Moi si, songea Pierre. Mais George n’invitait jamais sa femme aux événements de l’entreprise, et il n’avait aucun intérêt à ce qu’elle l’apprenne, parce qu’il avait bien l’intention de remettre ça : depuis qu’elles avaient découvert Clémentine, ses employées n’avaient jamais été aussi obéissantes.

- C’est elle qui est venue ! Protesta-t-il, boudeur.

- Tu aurais dû la repousser, insista-t-elle, en cassant un œuf dans la poêle.

- Mais je ne l’ai même pas touchée !

- Mais tu l’as laissée te toucher.

Elle ne semblait même pas avoir remarqué les œillades désespérées de Gulshat, autrement plus éprise de lui que cette petite tire-au-flanc de Madina. Et en un sens, c’était tant mieux.

- Et c’est pour ça que tu me prives de tarte ?

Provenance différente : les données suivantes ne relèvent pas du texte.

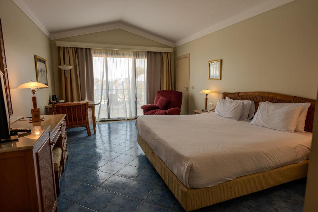 It is located between the mountains of the Red Sea and the Gulf of Aqaba and is 85 km from Sharm el-Sheikh International Airport from its advantages that it has an outdoor swimming pool, tennis court, disco and 5 different bars and also you can enjoy the spa and play billiards or basketball There is also a fitness center (gym) and in the interest of the hotel to enjoy it may be available to enjoy the game of volleyball and windsurfing and you can try rowing boat ride There are also beach handball courts as for rooms The hotel is very comfortable as it offers a flat-screen TV, minibar and private bathroom you can follow the news of the world via the Internet where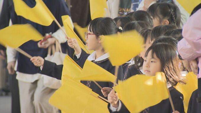 県鴻城高校付属幼稚園の園児が、新幹線を見送りました。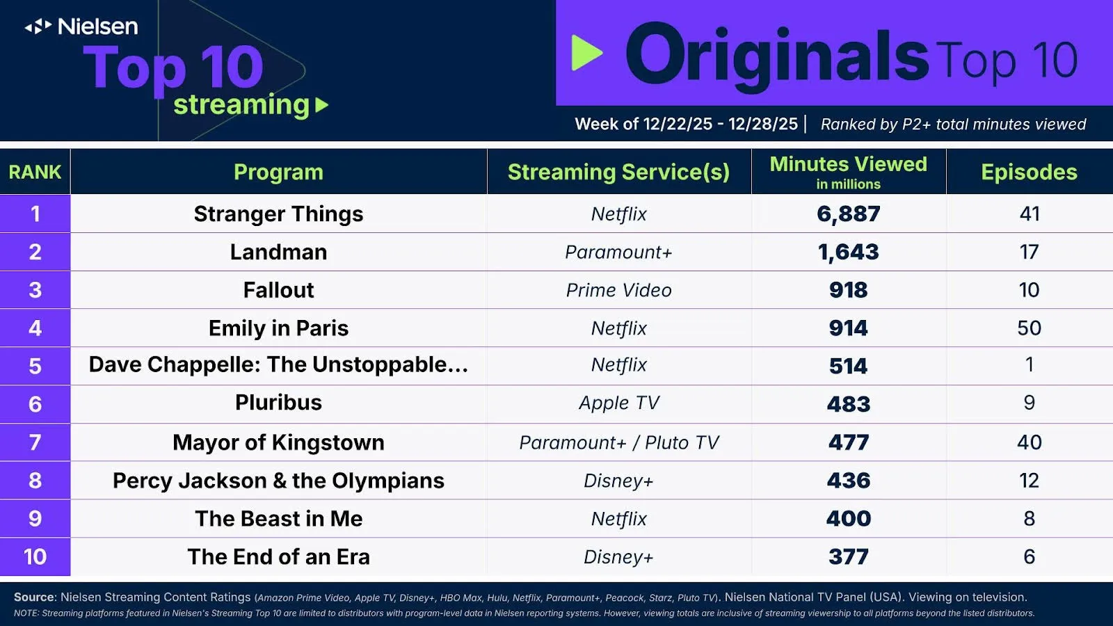Mezi 22. a 28. prosincem nasbíral Pluribus ve Spojených státech celkem 483 milionů minut sledování. Oproti předchozímu týdnu jde o nárůst o 40 %, což seriálu zajistilo 6. místo v žebříčku Nielsen Top 10 Originals. Pro srovnání – v týdnu 8.–14. prosince se Pluribus umístil na 9. příčce s celkovým časem 360 milionů minut sledování. Trend je tedy jasný: s blížícím se finále zájem diváků výrazně rostl. Na čele žebříčku se podle očekávání umístil Stranger Things, který ovládl jak kategorii Originals, tak celkové hodnocení. Seriál dosáhl ohromujících 6 887 milionů minut sledování, což bylo dáno především vydáním páté, šesté a sedmé kapitoly finální série ve dnech 25. a 26. prosince.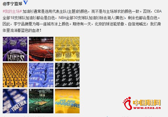 微博全文如下:“#我的主场#加油衫通常是选用代表主队(主题)的颜色,而不是与主场球衣的颜色一致。否则,CBA全部18支球队加油衫都会是白色,NBA全部30支球队加油衫除去湖人(黄色),剩余也都会是白色。因此,李宁品牌愿为每一座城市涂上颜色。期待有一天,北京的球迷能骄傲、自信地喊出:我们身体里流淌着蓝色的血液!”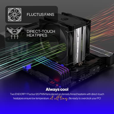 Endorfy Fera 5 dubbelfläktad CPU-luftkylare är utformad för både nya och äldre processorer. Den är utrustad med dubbla 120 mm Fluctus-fläktar som båda går i 1800 rpm för kraftfullt och tyst luftflöde och fungerar med både Intel- och AMD-processorer.Läs mer om produkten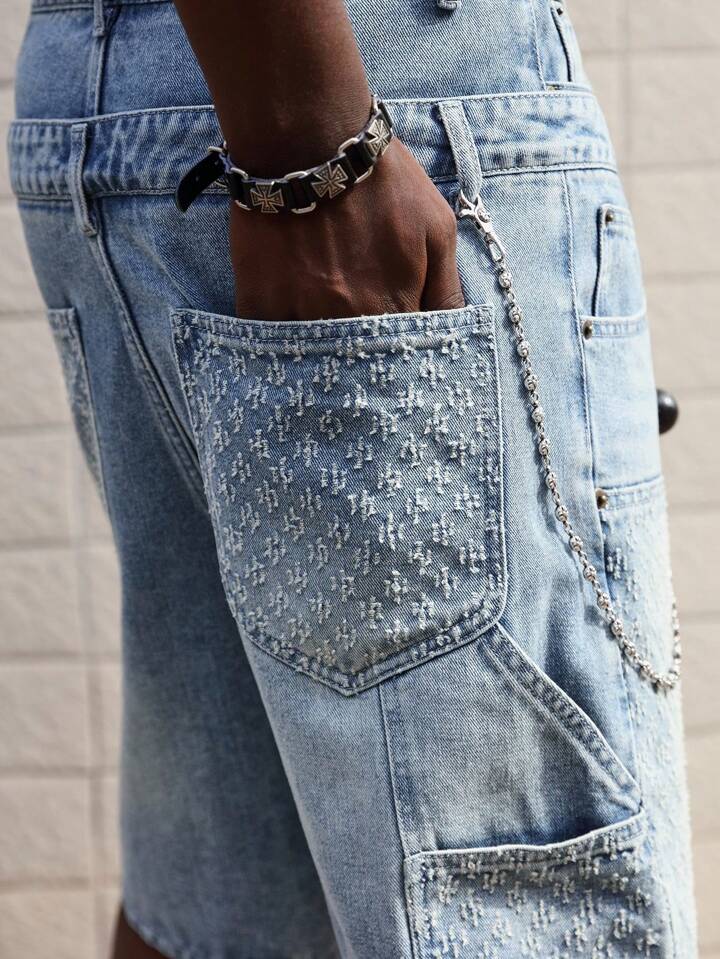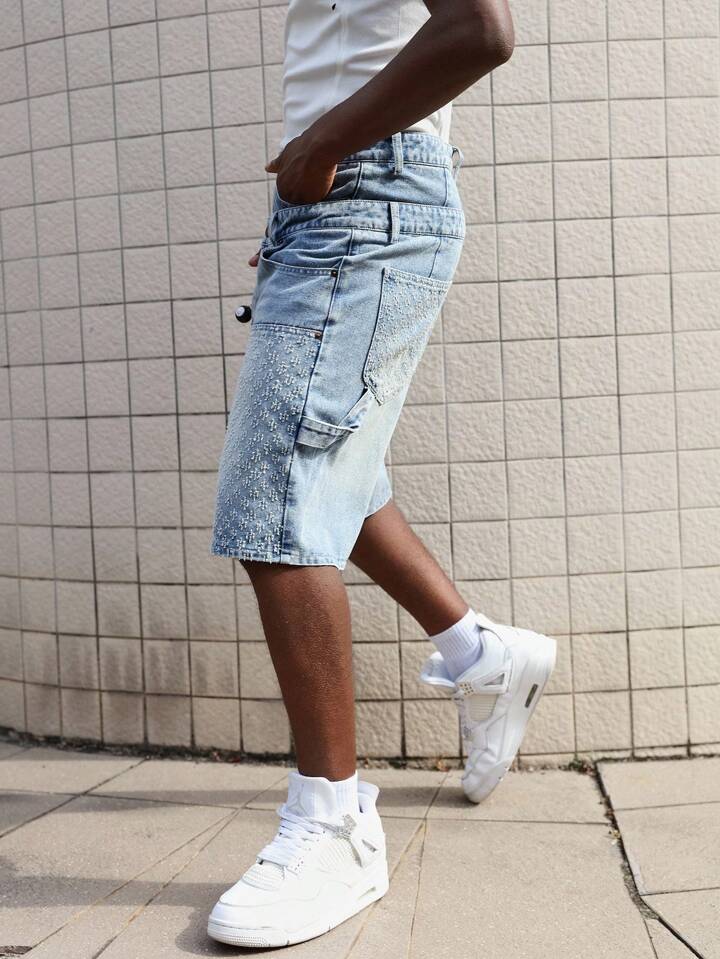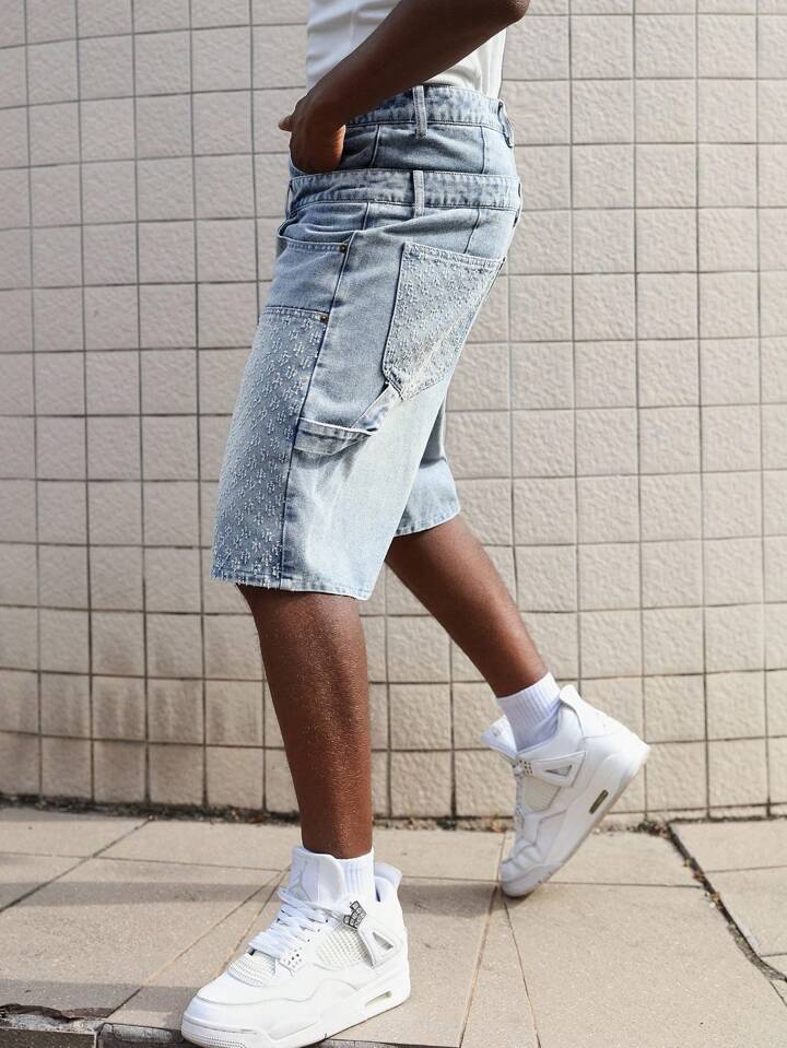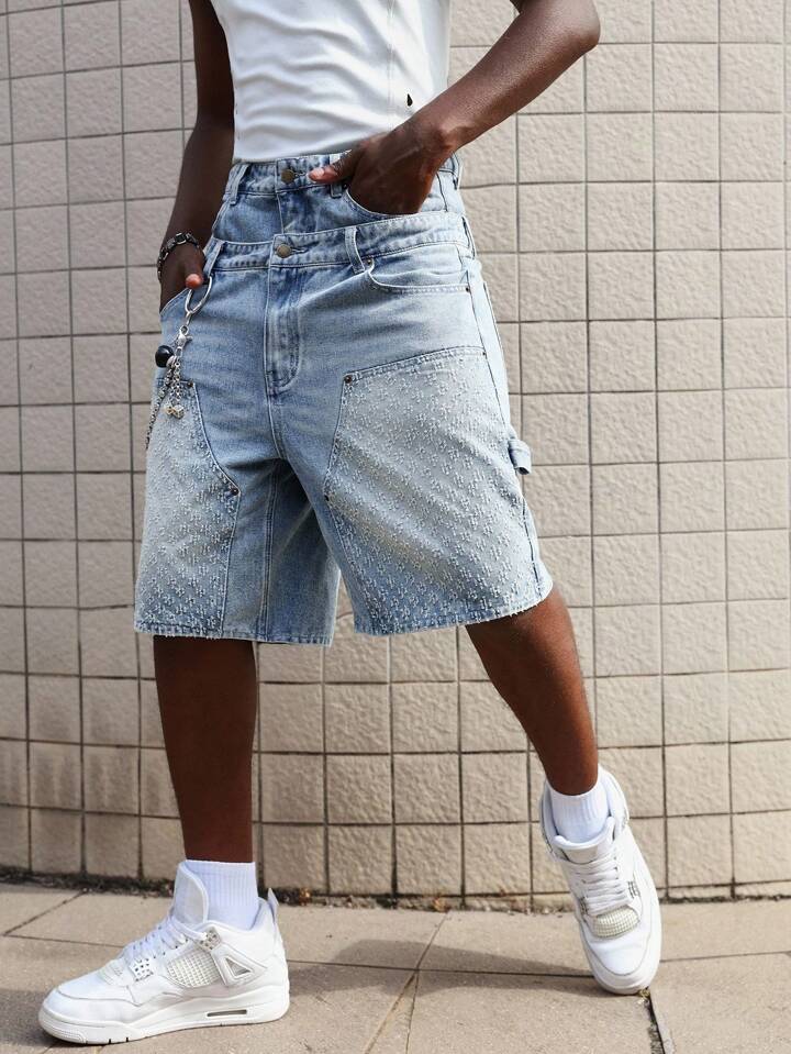 Men's Street Life Washed Denim Double-Layer Waistband Shorts

Il avait l’air tellement sincère qu’elle éclata de rire, et lui avec elle. Ils avaient tous trop bu, et elle, elle n’avait pas envie de se gâcher la journée en lui rapportant ce que cette sale gamine lui avait dit, avant d’aller rejoindre son petit ami à l’autre bout de la salle. N’en déplût à Pierre, Madina avait bel et bien un fiancé, et il s’agissait de Youri : elle le lui avait dit, comme si le fait de s’installer sur les genoux de son patron sous les yeux de son compagnon était la chose la plus naturelle du monde. Mais l’événement à venir, celui qui le privait de tarte, la mettait déjà suffisamment sur les nerfs. Quel genre de femmes allait-elle rencontrer là-bas, et qu’allait-elle pouvoir leur raconter : qu’elle était en train de rater sa vie ? Il était peut-être encore un peu tôt pour le dire.

Elle sacrifia à leur gueule de bois deux cachets du citrate de bétaïne qu’ils avaient rapporté de France ; ils se promirent solennellement de ne plus autant boire, et l’incident fut clos.

***

Tout ce qui bouge, chapitre 1, p. 13 sur environ 255. 

Premier jet rédigé au PAM Opéra entre juillet et décembre 2019, retravaillé exclusivement à domicile depuis.